* [Recorded information]:

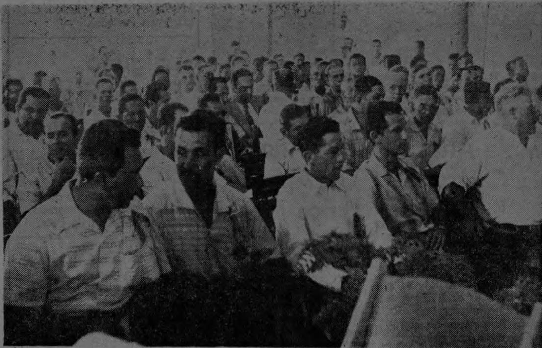
Grupo de ganaderos costarricenses, después de su recorrido por la zona bananera, en la magna Asamblea de la Cámara de Ganaderos de Chiriquí.
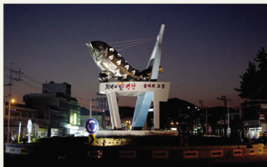
글로벌 영광 굴비타워

두 번째는 디자인 경영활동으로 농촌주민과 도시민에게 자연친화적인 휴식 및 전통문화체험공간을 제공하고, 농촌지역 경제 활성화에 기여하고자 불갑면 불갑저수지 수변에 산책로와 체험센터 등 테마공원을 조성하는 사업을 추진 중이다. 또한, '천년의 빛'을 상징하는 조형물 및 소나무 가로수길 조성사업을 펼치고 있다. 이 사업은 지역 정체성을 표현하는 '천년의 빛'을 담은 기를 상징하는 '글로벌 영광타워' 조형물을 설치하여 지역의 정책비전을 드러냈다. 뿐만 아니라 군민이 참여한 현수운동을 통해 특색 있는 소나무 가로수길을 조성하여 지역주민의 자긍심을 높였다. 또, 영광을 대표하는 수산물인 굴비를 형상화하여, '굴비의 고장' 이미지를 가장 잘 나타낼 수 있는 조형물 조성사업을 전개함으로써 관광

* [Aim of the exercise]: Please produce an exact copy of the listing, omitting the pictures.

* [Answer to the problem]:
Grupo de ganaderos costarricenses, después de su recorrido por la zona bananera, en la magna Asamblea de la Cámara de Ganaderos de Chiriquí.
글로벌 영광 굴비타워

두 번째는 디자인 경영활동으로 농촌주민과 도시민에게 자연친화적인 휴식 및 전통문화체험공간을 제공하고, 농촌지역 경제 활성화에 기여하고자 불갑면 불갑저수지 수변에 산책로와 체험센터 등 테마공원을 조성하는 사업을 추진 중이다. 또한, '천년의 빛'을 상징하는 조형물 및 소나무 가로수길 조성사업을 펼치고 있다. 이 사업은 지역 정체성을 표현하는 '천년의 빛'을 담은 기를 상징하는 '글로벌 영광타워' 조형물을 설치하여 지역의 정책비전을 드러냈다. 뿐만 아니라 군민이 참여한 현수운동을 통해 특색 있는 소나무 가로수길을 조성하여 지역주민의 자긍심을 높였다. 또, 영광을 대표하는 수산물인 굴비를 형상화하여, '굴비의 고장' 이미지를 가장 잘 나타낼 수 있는 조형물 조성사업을 전개함으로써 관광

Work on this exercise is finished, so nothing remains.